Monday, January 21, 2013

gawk - Date and time calculation functions

gawk has 3 functions to calculate date and time:
  • systime
  • strftime
  • mktime
   Let us see in this article how to use these functions:

   This function is equivalent to the Unix date (date +%s) command. It gives the Unix time, total number of seconds elapsed since the epoch(01-01-1970 00:00:00).
$ echo | awk '{print systime();}'
Note: systime function does not take any arguments.

   A very common function used in gawk to format the systime into a calendar format. Using this function, from the systime, the year, month, date, hours, mins and seconds can be separated.

   strftime (<format specifiers>,unix time);
1. Printing current date time using strftime:
$ echo | awk '{print strftime("%d-%m-%y %H-%M-%S",systime());}'
14-01-13 12-37-45
   strftime takes format specifiers which are same as the format specifiers available with the date command. %d for date, %m for month number (1 to 12), %y for the 2 digit year number, %H for the hour in 24 hour format, %M for minutes and %S for seconds. In this way, strftime converts Unix time into a date string.

2. Display current date time using strftime without systime:
$ echo | awk '{print strftime("%d-%m-%y %H-%M-%S");}'
14-01-13 12-38-08
   Both the arguments of strftime are optional. When the timestamp is not provided, it takes the systime by default.

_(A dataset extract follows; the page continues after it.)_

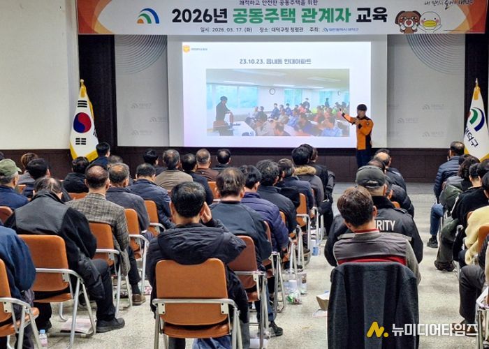 대전 대덕구는 17일 구청 청렴관에서 공동주택 경비책임자와 시설물 안전관리자 등 100여 명을 대상으로 ‘2026년 공동주택 관계자 교육’을 진행했다.

3. strftime with no arguments:
$ echo | awk '{print strftime();}'
Mon Jan 14 12:30:05 IST 2013
  strftime without the format specifiers provides the output in the default output format as the Unix date command.

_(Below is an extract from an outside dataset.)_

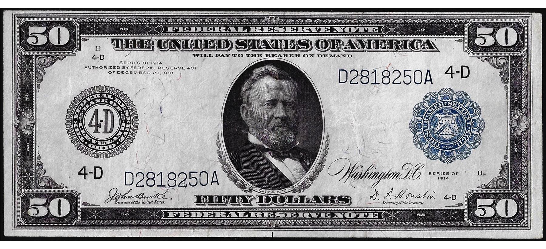 One 1914 $50 Federal Reserve Note Cleveland.

    mktime function converts any given date time string into a Unix time, which is of the systime format.
  mktime(date time string) # where date time string is a string which contains atleast 6 components in the following order: YYYY MM DD HH MM SS

1. Printing timestamp for a specific date time :
$ echo | awk '{print mktime("2012 12 21 0 0 0");}'
     This gives the Unix time for the date 21-Dec-12.

2.  Using strftime with mktime:
$ echo | awk '{print strftime("%d-%m-%Y",mktime("2012 12 21 0 0 0"));}'
   The output of mktime can be validated by formatting the mktime output using the strftime function as above.

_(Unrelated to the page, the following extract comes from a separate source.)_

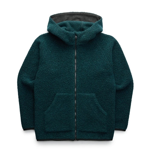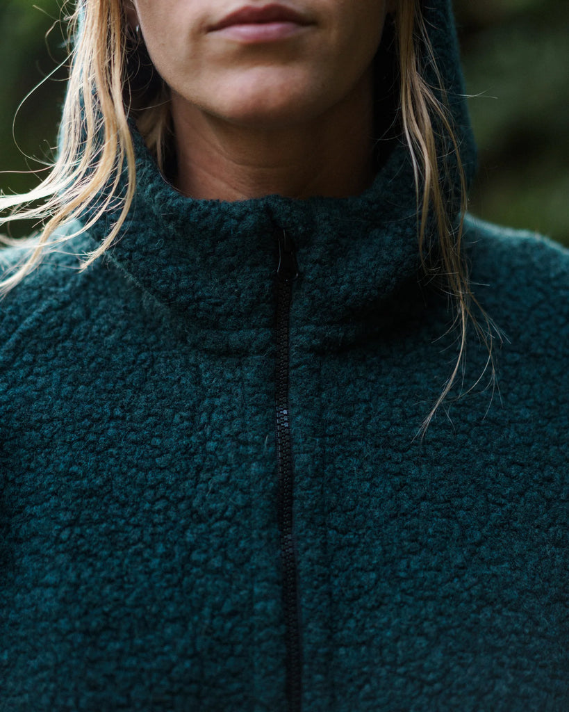From tideline to alpine, almost all of our adventures lead us into cold, wet and stormy conditions—which are exactly where high-pile Sherpa wool excels. To make an all-weather insulating hoody for everyday or far away, we sourced a soft, warm and movement-friendly recycled wool blend. The breathability and temperature regulation of the thick-knit wool—which synthetic fleeces attempt to imitate—give it exceptional comfort and performance when worn on its own or as a midlayer under a shell, and the Melton-lined hood keeps the wind at bay. A fleece storm flap offers extra warmth, while our unique production process with no added dyes helps further reduce environmental impact.

3. Negative date in mktime:
$ echo | awk '{print strftime("%d-%m-%Y",mktime("2012 12 -1 0 0 0"));}'
  mktime can take negative values as well. -1 in the date position indicates one day before the date specified which in this case leads to 29th Nov 2012.

4. Negative hour value in mktime:
$ echo | awk '{print strftime("%d-%m-%Y %H-%M-%S",mktime("2012 12 3 -2 0 0"));}'
02-12-2012 22-00-00
    -2 in the hours position indicates 2 hours before the specified date time which in this case leads to "2-Dec-2012 22" hours.